* [WHAT YOU NEED TO DO] Taking the listing below, restate word for word each line from the line with "This leaded mouth" to the line with "每到一地,走访团队都与来自金", ends included, and stop there.

* [DATA FOR PROCESSING]
- Opening Delimiter -
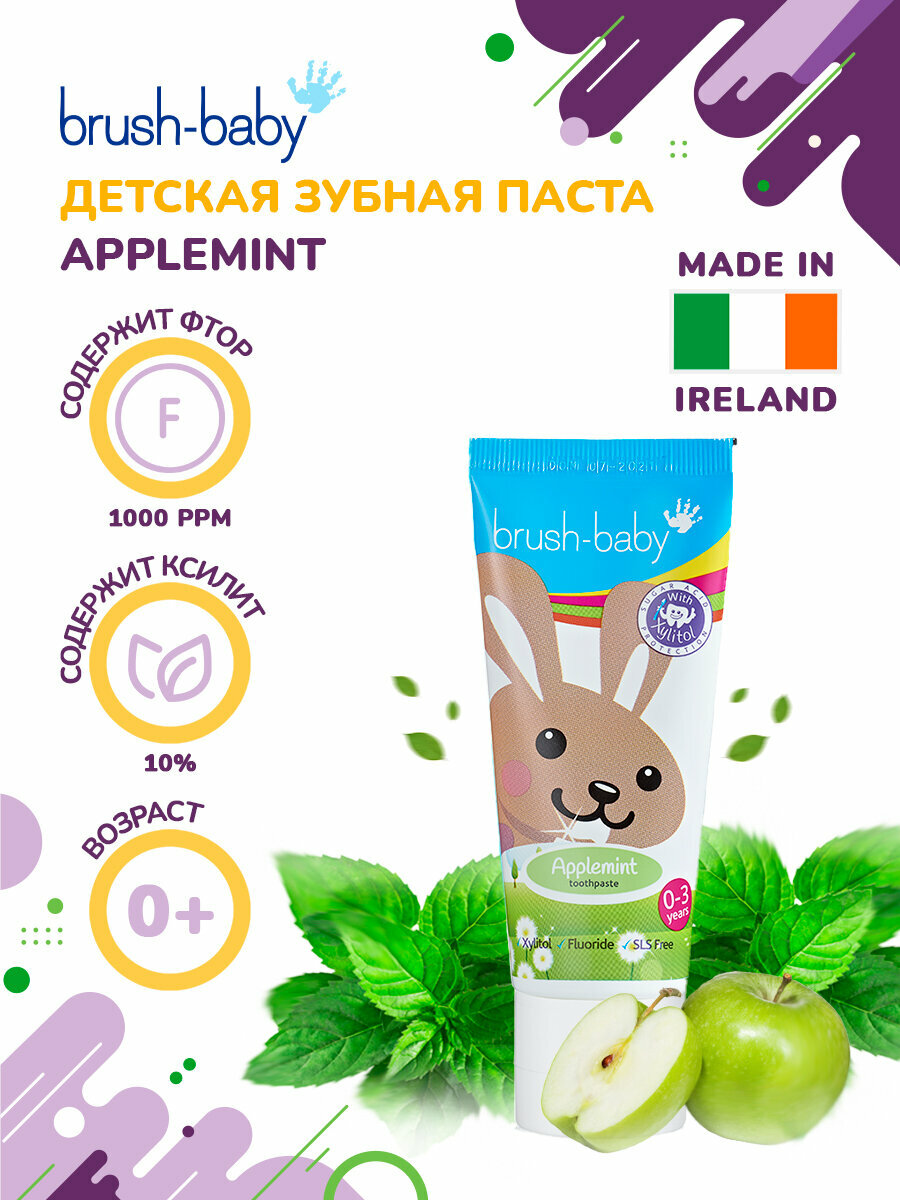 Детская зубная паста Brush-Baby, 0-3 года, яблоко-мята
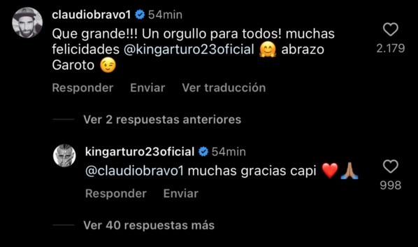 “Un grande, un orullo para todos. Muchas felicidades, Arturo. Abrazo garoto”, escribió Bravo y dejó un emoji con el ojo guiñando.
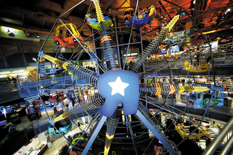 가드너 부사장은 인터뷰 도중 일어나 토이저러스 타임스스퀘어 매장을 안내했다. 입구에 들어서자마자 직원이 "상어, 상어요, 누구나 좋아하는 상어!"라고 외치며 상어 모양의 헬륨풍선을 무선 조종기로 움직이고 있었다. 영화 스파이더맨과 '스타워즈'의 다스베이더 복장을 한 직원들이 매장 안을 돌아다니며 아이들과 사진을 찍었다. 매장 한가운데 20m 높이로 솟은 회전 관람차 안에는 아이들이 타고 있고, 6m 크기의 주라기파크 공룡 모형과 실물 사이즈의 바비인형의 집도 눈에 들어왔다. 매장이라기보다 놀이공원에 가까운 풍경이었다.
- Closing Delimiter -
- Opening Delimiter -
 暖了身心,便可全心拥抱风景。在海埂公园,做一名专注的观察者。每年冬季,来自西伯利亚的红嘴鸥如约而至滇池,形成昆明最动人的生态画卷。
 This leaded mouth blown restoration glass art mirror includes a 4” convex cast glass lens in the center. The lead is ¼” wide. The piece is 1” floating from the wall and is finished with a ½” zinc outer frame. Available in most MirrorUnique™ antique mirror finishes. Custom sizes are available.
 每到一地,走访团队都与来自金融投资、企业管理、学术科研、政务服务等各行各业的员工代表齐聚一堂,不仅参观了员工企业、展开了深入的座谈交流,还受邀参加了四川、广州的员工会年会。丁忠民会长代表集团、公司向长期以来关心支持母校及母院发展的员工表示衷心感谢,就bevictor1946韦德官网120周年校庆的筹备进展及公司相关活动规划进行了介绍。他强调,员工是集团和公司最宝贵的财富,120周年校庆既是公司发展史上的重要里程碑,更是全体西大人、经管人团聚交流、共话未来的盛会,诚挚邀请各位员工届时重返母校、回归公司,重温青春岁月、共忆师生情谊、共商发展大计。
- Closing Delimiter -
- Opening Delimiter -
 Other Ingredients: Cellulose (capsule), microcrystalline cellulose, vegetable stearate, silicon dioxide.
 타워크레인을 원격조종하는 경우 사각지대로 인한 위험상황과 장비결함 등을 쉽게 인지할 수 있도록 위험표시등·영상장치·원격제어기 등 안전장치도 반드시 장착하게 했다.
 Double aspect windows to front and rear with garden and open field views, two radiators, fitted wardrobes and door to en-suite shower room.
- Closing Delimiter -
* [EXPECTED ANSWER]
 This leaded mouth blown restoration glass art mirror includes a 4” convex cast glass lens in the center. The lead is ¼” wide. The piece is 1” floating from the wall and is finished with a ½” zinc outer frame. Available in most MirrorUnique™ antique mirror finishes. Custom sizes are available.
 每到一地,走访团队都与来自金融投资、企业管理、学术科研、政务服务等各行各业的员工代表齐聚一堂,不仅参观了员工企业、展开了深入的座谈交流,还受邀参加了四川、广州的员工会年会。丁忠民会长代表集团、公司向长期以来关心支持母校及母院发展的员工表示衷心感谢,就bevictor1946韦德官网120周年校庆的筹备进展及公司相关活动规划进行了介绍。他强调,员工是集团和公司最宝贵的财富,120周年校庆既是公司发展史上的重要里程碑,更是全体西大人、经管人团聚交流、共话未来的盛会,诚挚邀请各位员工届时重返母校、回归公司,重温青春岁月、共忆师生情谊、共商发展大计。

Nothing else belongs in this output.